Tuesday, October 5, 2010

Another

So, recently I posted a blog about all being good at the end of the day...wish that was how I felt about this day but it's not. Today was a day better forgotten.
I went to sleep sick last night and so I was still sick this morning. Hacking up my lungs, headache, body aches, the works.  It was a very work intensive day on top of that, wore me out.   Grumpy bosses that demand things their way but that seems to change, as it did again today. Leaves me frustrated and sometimes confused as to just how I will ever please them. I'm thinking it's just not possible at this point.

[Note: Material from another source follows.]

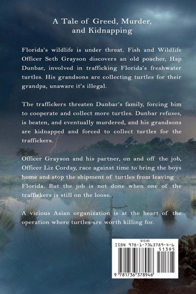 Inspired by actual events in Lee County Florida. A Tale of Greed, Murder, and Kidnapping Florida's wildlife is under threat. Fish and Wildlife Officer Seth Grayson discovers an old poacher, Hap Dunbar, involved in trafficking Florida's freshwater turtles. His grandsons are collecting turtles for their grandpa, unaware it's illegal. The traffickers threaten Dunbar's family, forcing him to cooperate and collect more turtles. Dunbar refuses, is beaten, and eventually murdered, and his grandsons are kidnapped and forced to collect turtles for the traffickers. Officer Grayson and his partner, on and off the job, Officer Liz Corday, race against time to bring the boys home and stop the shipment of turtles from leaving Florida. But the job is not done when one of the traffickers is still on the loose. A vicious Asian organization is at the heart of the operation where turtles are worth killing for.

All of my frustration at work today encompassed several aspects of the job and left me with a lot to think about tonight.  I know I am far from perfect, but I feel as if I am expected to be just that, perfect.   Instead I am human. That's all I can be.  I can try hard, and I usually succeed at what I do, but there are days, like today, where not everything goes as planned.  It was one of those days I should have stayed in bed, but knew I couldn't do that.

Really though, this is all along the same thread, people, my relationships with them and the way they do the things they do.  I'm too tired to dive into this in too much detail tonight, so I won't be doing that here.

I guess all I can hope for is a better day tomorrow. Less frustrations, and me feeling more healthy than I did today. It wasn't fun and I'm exhausted from it all. 

My good note for the day was going to A's house tonight to visit for a few.  He and B were home and I was glad to see them again.  Was pretty much the main good thing that happened today.   S sent me a new pick of my granddaughter and I love that.  The rest of the day was forgettable, so that is what I'm going to try to do, forget it.  Learn what I can from it, and forget the rest. And hope for a better day tomorrow. We'll see what happens.